First we take the total debt (which I have rounded off to the nearest billion) of 13.314 trillion dollars, and we divide that by 1 million, because that’s how much we are going to pay per day. We get the result of 13,314,000. That is how many days it will take to pay off the debt. Now, a year consists of quite nearly 365.25 days (the .25 to account for leap year), so let’s divide that in, and we get 36,451.74 years. Now, we do lose a leap day every 100 years, so we will subtract 364 from that number (almost a year right there!) and we come to the number 36,086.74.
So, if we were able to stop the increase in debt this afternoon, and immediately began paying it off at the rate of $1 million a day, it would take 36,086.74 years. From today, that would be May 9th, in the year 38096. So, if personal debt could also be rolled into the future like that, then there would be no real debt problem. There would be a massive currency problem, but debt would cease to be a significant issue. Similar strategies are already on line in places like Japan with their 100 year mortgages. So, if one applies this concept, only stretches out the payment from 100 years to 36,086 years, at zero percent interest, the payment on a million dollar home would go from $833 a month to $2.30 a month. The debt for this would be passed down from generation to generation, but each generation could then do the same – just kick it down the road indefinitely with stupendously long term loan terms.
Who would get hurt in such a bizarre system?
The ruling class who own the banks. They would get nailed because they would see their gross receipts crash by many orders of magnitude.
Who would benefit from such a nonsensical dream?
Pretty much everyone else.
What is the blind spot even in this?
Non-economic granularities. Geologically determined structures, like resources and energy. No amount of debt will put more oil in the ground or make the sun shine brighter or increase the grain harvest or restore extinct species. We cannot repeal the second law of thermodynamics or buy our way around it.
Again, there is no solution: just mitigation.

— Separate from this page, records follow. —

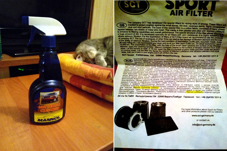 По поводу моющего средства: оно универсальное автомобильное, но производитель фильтров почему-то именно его и рекомендует. Производителю виднее, хотя я лично думаю, что для промывки нулевика вполне подошло бы совершенно любое жирорастворяющее моющее средство. Тот же "мистер мускул" или "фейри". Но это если бы не было рекомендуемого.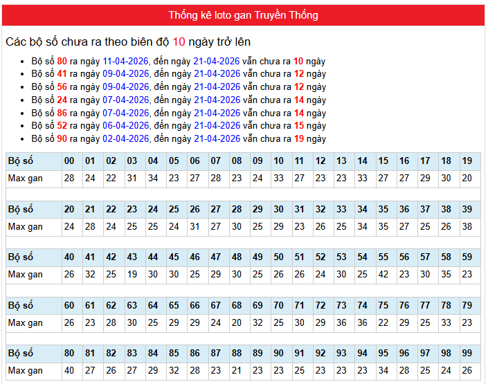 Bảng Thống kê phân tích loto gan Truyền Thống Miền Bắc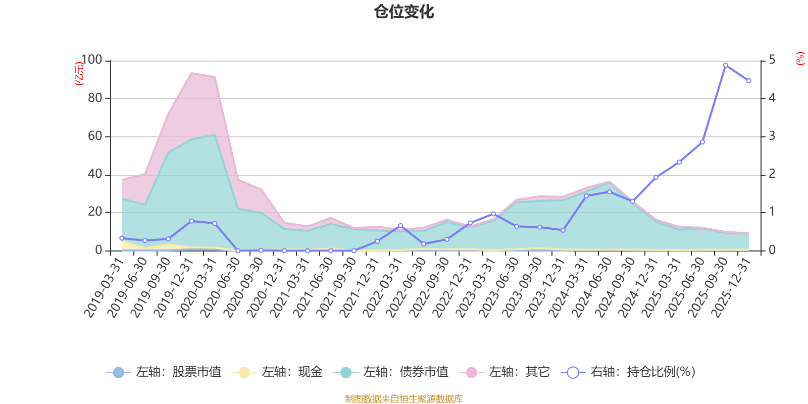 据定期报告数据统计,近三年平均股票仓位为1.96%,同类平均为19.2%。2025年三季度末基金达到4.88%的最高仓位,2020年上半年末最低,为0%。
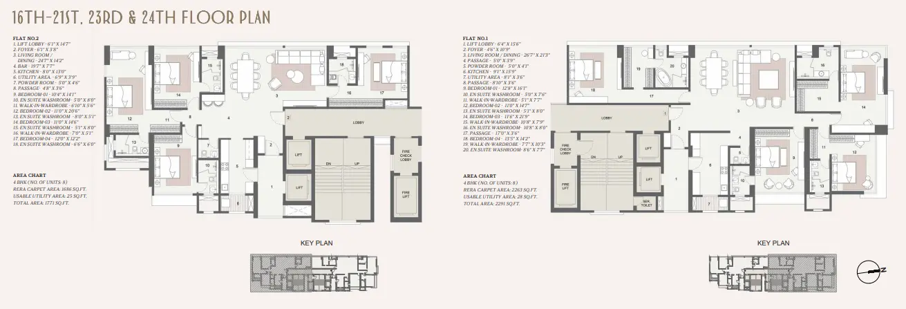 Every 4 BHK residence is serviced by private lift access, ensuring discreet entry, heightened security, and uncompromised privacy—features increasingly sought by high-profile homeowners.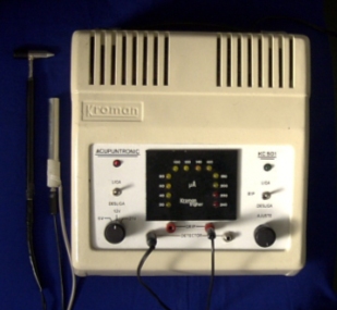 das mãos do aplicador. Modelo Acupuntronic, Marca Kroman, fabricado

The recent move by the Federal Reserve to buy treasury notes is a desperate and foolhardy attempt by the banking system to continue pulling money out of the working class. What they fail to understand is that you can’t get money from the working class if the working class isn’t working. If they want to reignite the consumer engine, they need to give people disposable income and a sense of job security. When people have a steady energy inflow they will naturally engage in behaviour to expend the excess. They will get fat, drive huge trucks, put men on Mars, entertain themselves into imbecility, declare war for the fun of it, build cities in the desert, vacation in the Antarctic or the Moon, etc. all depending on how much excess they have and how secure they feel about it.
People can feel secure as can be, but if they have almost no excess, you still get stagnation. People can have gobs of excess, but if they feel insecure, they’re still dodging bullets and not taking much advantage of the excess. With the peaking of resource extraction, the per capita excess can only reduce. The only solutions are to reduce need (conservation down to granularity), reduce per capita (which is a very sticky subject, worthy of its own post) or some conbination of both.
So, in conclusion I would suggest that the best route would be what I called for almost a year and a half ago. Either that or give everyone the same deal the government has and given them 36,000 years to pay off any and all debts.